Лицо матери сразу оживилось.

– Неправда, – сказала она. – Тебя губит любовь. Те, у кого такая любовь, не могут есть хлеба.

Волнение индианки смешалось с угрозой и в голосе, и во взгляде.

– Лучше скажи, кто она! Не то я силой искупаю тебя в наговорной воде.

Меж тем голландец открыл сейф и, положив туда апельсины, захлопнул бронированную дверь. И тогда Улисс, отвернувшись от окна, сказал с явным раздражением:

– Я же ответил – никто. Не веришь, спроси отца.

Голландец вырос в дверях с обтрепанной Библией под мышкой и стал раскуривать свою шкиперскую трубку. Жена спросила его на испанском:

– С кем вы встретились в пустыне?

– Ни с кем, – сказал муж, занятый своими мыслями. – Не веришь, спроси у сына.

Он уселся в дальнем углу коридора, потягивая трубку, пока не докурил ее до конца. А затем, раскрыв наугад Библию, стал читать вслух отрывки оттуда-отсюда на мерно текущем голландском языке.

Улисс обдумывал все с таким напряжением, что не мог заснуть и после полуночи. Он проворочался в гамаке еще час, силясь унять боль воспоминаний, пока сама эта боль не пробудила в нем решимость. Наскоро надев ковбойские штаны, рубашку из шотландки и высокие сапоги, Улисс выпрыгнул в окно и удрал из дому на грузовичке с птицами в клетках.
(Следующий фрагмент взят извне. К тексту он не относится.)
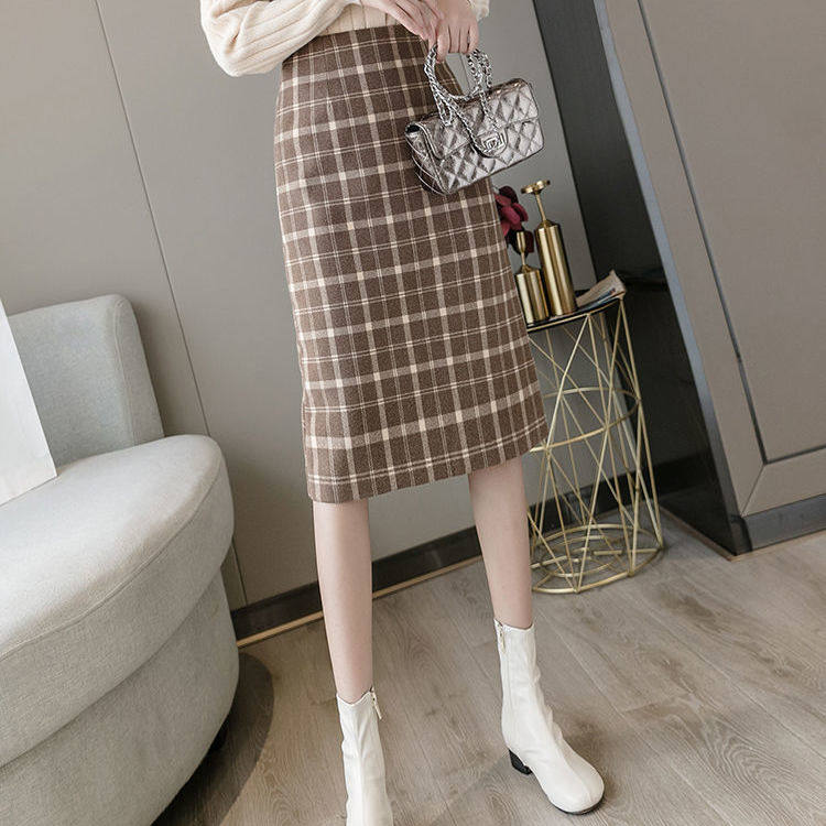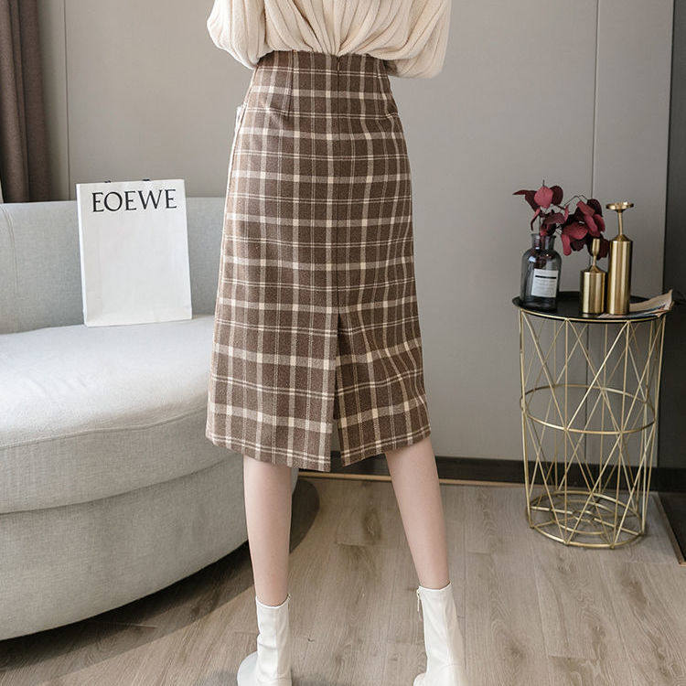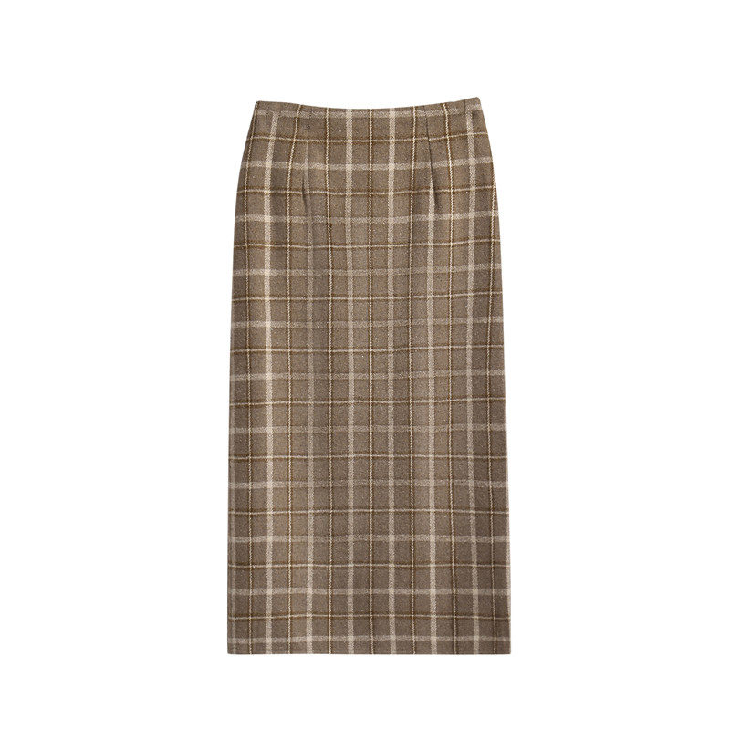 长裙 毛呢遮胯开叉a字包臀一步西装 格子半身裙女秋冬季 高腰中长款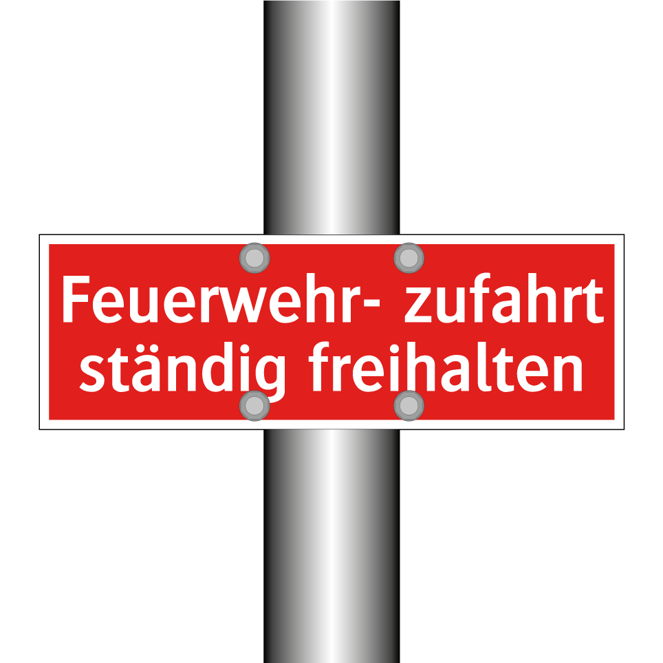 Brandschutzschild mit dem Text Feuerwehr- zufahrt ständig freihalten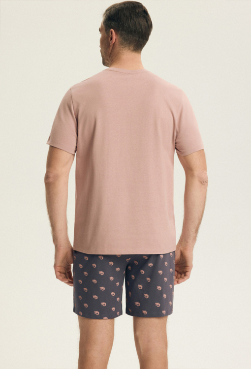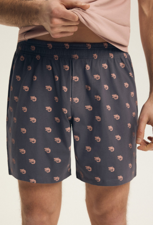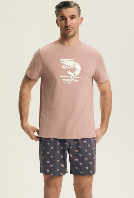 Летняя пижама мужская Brad от польского бренда Henderson. Пижама выполнена из качественного и мягкого хлопка, состоит из футболки розового цвета и фиолетовых шорт с мелким принтом в виде креветок розового цвета. Футболка с короткими рукавами и круглым вырезом горла, спереди украшена стильным принтом из крупной креветки и надписи "tiger shrimp". Шорты прямого кроя и с мягкой резинкой в поясе, создают максимальный комфорт и свободу движений. Пижама красивая и невероятно удобная, идеальна для уютного сна и расслабленных домашних вечеров, упакована в фирменную коробку, станет приятным подарком для любимого и близкого человека.

Проезжая через апельсиновую рощу, он, как бы мимоходом, сорвал три спелых апельсина, которые не решался украсть накануне.

Весь остаток ночи он катил по пустыне, а с рассветом стал спрашивать всех и каждого, где сейчас Эрендира. Но никто толком не сказал ничего. В конце концов ему повезло: он узнал, что Эрендира следует за свитой сенатора Онесимо Санчеса, который совершал предвыборный вояж, и что скорей всего он уже в Новой Кастилии. Но выяснилось, что он вовсе не там, а в другом городке, и Эрендиры при нем нет, так как бабка добилась к тому времени письма, в котором сенатор самолично поручился за ее высокую нравственность, и, значит, теперь перед ней открывались самые прочные запоры на дверях пустыни. На третьи сутки Улисс повстречал развозчика почты, и тот объяснил, где их искать.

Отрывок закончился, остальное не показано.